-- BRIEF --
Among the entries that follow, locate the line with "10월 14일부터 10월" and the line with "치수(cm, mm) 사과 : 가로 1.6cm * 세로 1.6cm / 사과나무 : 가로 1.5cm * 세로 1.7cm". Output those lines and all lines in between, exactly, minus the pictures.

-- RECORDS FOR THE EXERCISE --

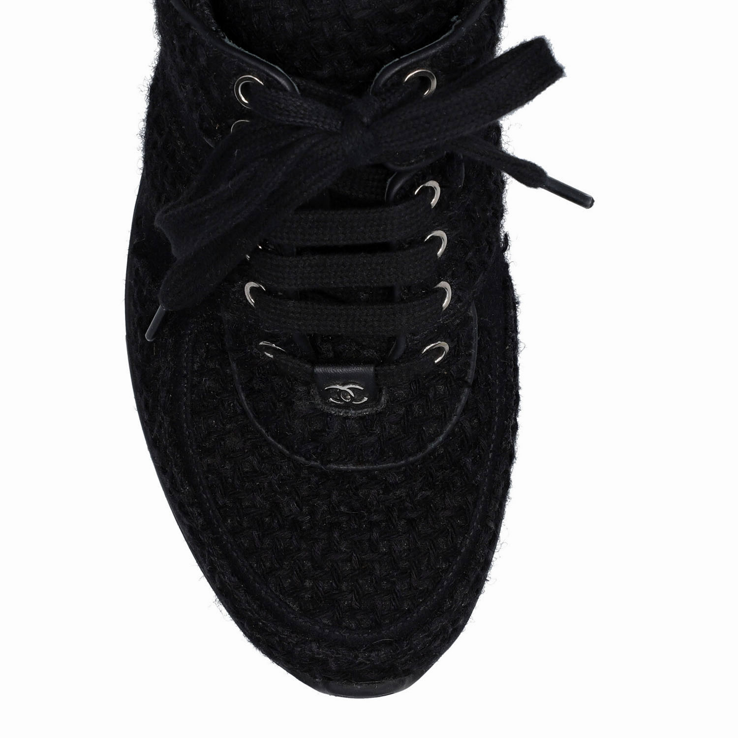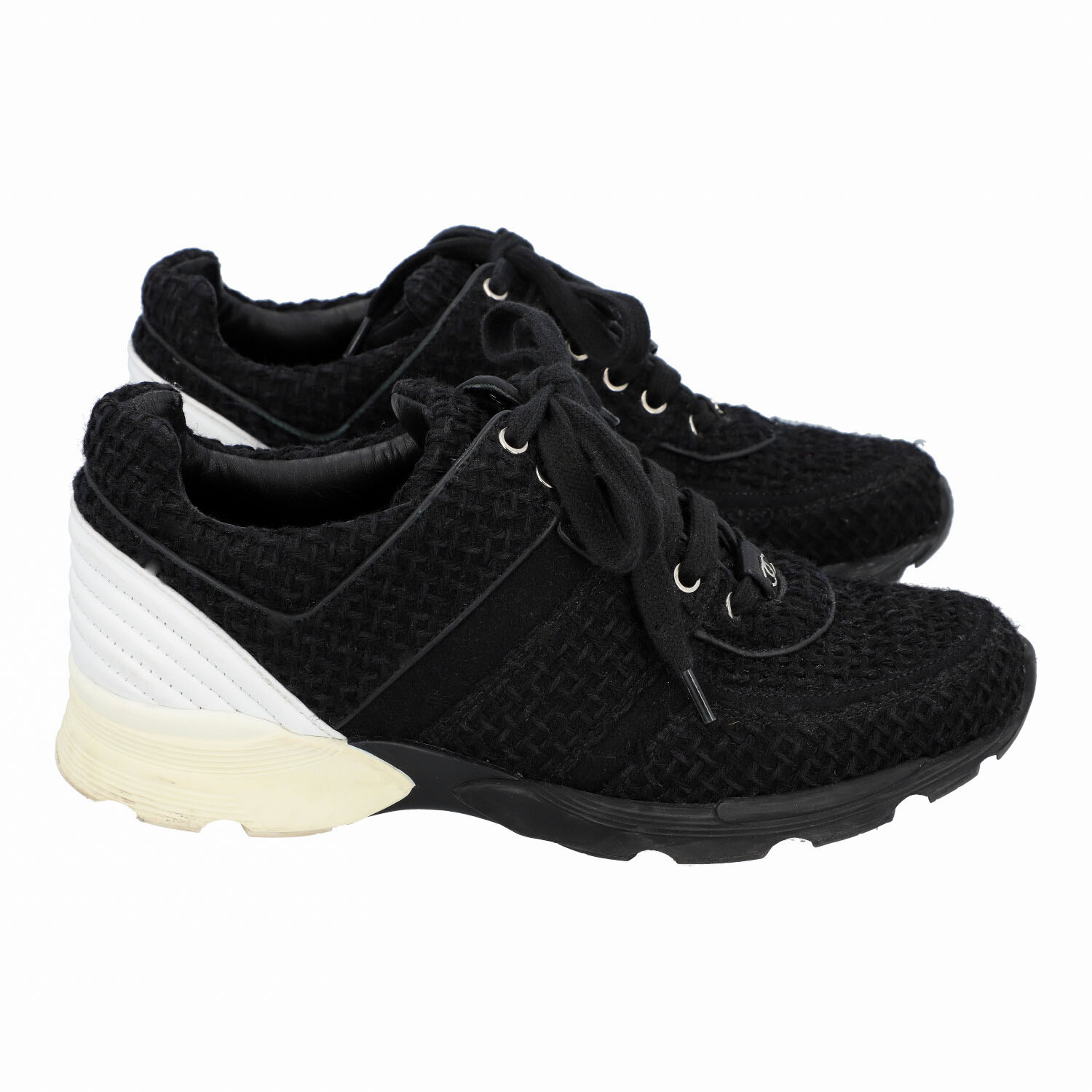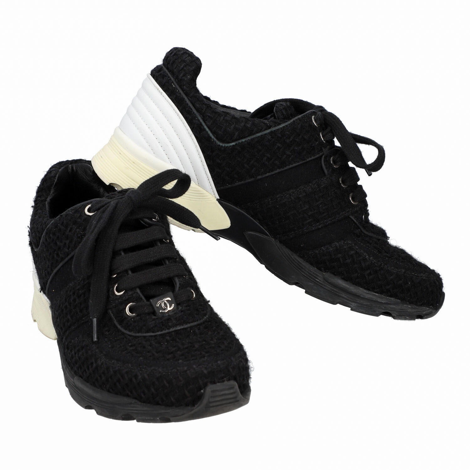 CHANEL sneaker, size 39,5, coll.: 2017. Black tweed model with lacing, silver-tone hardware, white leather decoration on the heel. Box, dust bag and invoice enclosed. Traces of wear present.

* * *

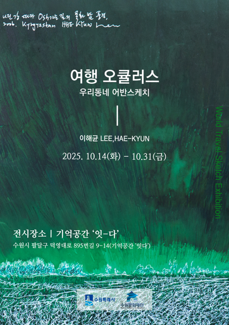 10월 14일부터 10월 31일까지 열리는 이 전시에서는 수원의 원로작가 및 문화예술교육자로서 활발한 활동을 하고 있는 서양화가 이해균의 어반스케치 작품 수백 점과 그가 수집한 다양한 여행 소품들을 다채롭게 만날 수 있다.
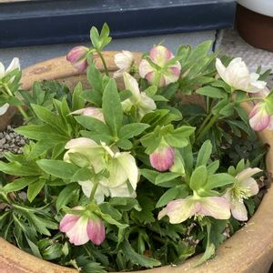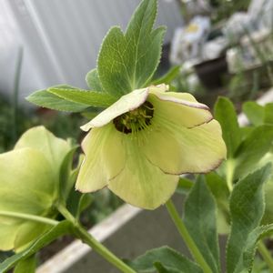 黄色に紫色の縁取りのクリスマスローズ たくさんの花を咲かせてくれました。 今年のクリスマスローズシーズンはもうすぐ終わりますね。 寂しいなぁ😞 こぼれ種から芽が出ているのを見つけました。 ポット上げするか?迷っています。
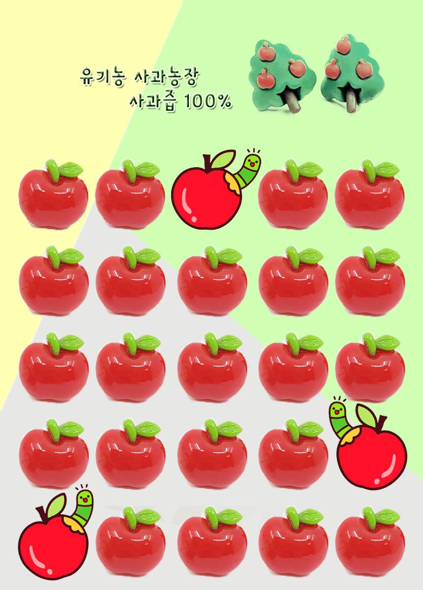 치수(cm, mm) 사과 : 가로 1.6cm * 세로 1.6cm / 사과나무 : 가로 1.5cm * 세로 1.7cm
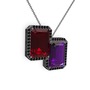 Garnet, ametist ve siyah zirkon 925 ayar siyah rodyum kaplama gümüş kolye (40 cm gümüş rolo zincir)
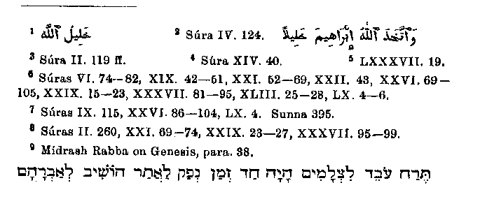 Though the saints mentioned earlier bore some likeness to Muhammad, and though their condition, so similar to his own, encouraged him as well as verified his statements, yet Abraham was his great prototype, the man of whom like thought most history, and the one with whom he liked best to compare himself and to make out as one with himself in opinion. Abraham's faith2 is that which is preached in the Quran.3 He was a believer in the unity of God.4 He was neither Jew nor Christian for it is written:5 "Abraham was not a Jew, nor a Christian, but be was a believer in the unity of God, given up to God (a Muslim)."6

-- SOLVED PROBLEM --
 10월 14일부터 10월 31일까지 열리는 이 전시에서는 수원의 원로작가 및 문화예술교육자로서 활발한 활동을 하고 있는 서양화가 이해균의 어반스케치 작품 수백 점과 그가 수집한 다양한 여행 소품들을 다채롭게 만날 수 있다.
 黄色に紫色の縁取りのクリスマスローズ たくさんの花を咲かせてくれました。 今年のクリスマスローズシーズンはもうすぐ終わりますね。 寂しいなぁ😞 こぼれ種から芽が出ているのを見つけました。 ポット上げするか?迷っています。
 치수(cm, mm) 사과 : 가로 1.6cm * 세로 1.6cm / 사과나무 : 가로 1.5cm * 세로 1.7cm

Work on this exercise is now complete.